The Path of Perfection
- First edition (French)
- Author: Bahram Elahi, M.D.
- Original title: La Voie de la perfection
- Translator: Monica Stevens, Michael Miller
- Language: French
- Genre: Treatise
- Published: 1976 (Seghers Publishers, 1st edition); 2002 (Albin Michel, revised); 2005 (Paraview, revised edition in English);
- Publication place: France
- Pages: 255
- ISBN: 978-0-9764986-0-5

= The Path of Perfection =

Book by Bahram Elahi

The Path of Perfection is a book written by Bahram Elahi presenting an approach to the philosophy of his father Ostad Elahi. It was published in 2005 by Paraview Inc. It is the English translation of the latest edition of the French book La Voie de la Perfection, which was published in 2002 by Albin Michel Publishers after substantial revisions by the author. La Voie de la Perfection was first published in 1976 by Seghers Publishers and has thus far been translated and published in six languages.

==Summary==
The book presents the essence of Ostad Elahi's philosophy.
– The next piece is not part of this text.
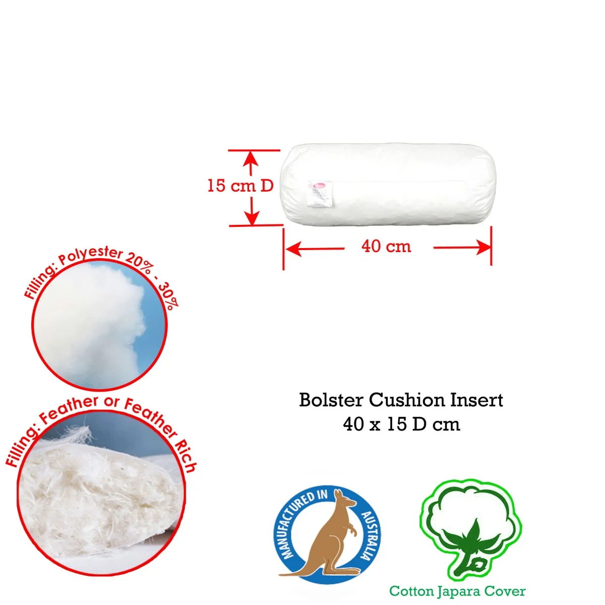 Add a little accent to your bed or sofa with this soft and luxurious Duck Feather Rich Fill Cushion Inserter Made in Australia which is perfect for your favourite cushion covers. It features solid colour design an filled with duck feather rich. Available in different sizes to fit any cushion cover. It is made from 100% Cotton fabric and approx 80% Duck Feather and 20% Polyester fill that provides maximum and lasting comfort. Made in Australia.

Bahram Elahi sets forth the major aspects of a system of thought which aims at bringing out the conditions of man's process toward perfection by dealing with subjects such as the specificity of human beings, the consequences of our actions, etc. As mentioned in the Preface, this work has been conceived as a concise and practical handbook. The principles stated and the resulting concepts are developed and analysed more thoroughly by the author in other books.

==The author==
Bahram Elahi is the second son of Ostad Elahi. A graduate of Montpellier University, he is a Doctor of Medicine and a Professor Emeritus in paediatric surgery. Parallel to his professional career, he has pursued thorough study of ethics and spirituality for over 40 years based on the philosophy of his father, Ostad Elahi and has written several books analysing his teachings. He is also the President of the Fondation Ostad Elahi: Ethics and Human Solidarity.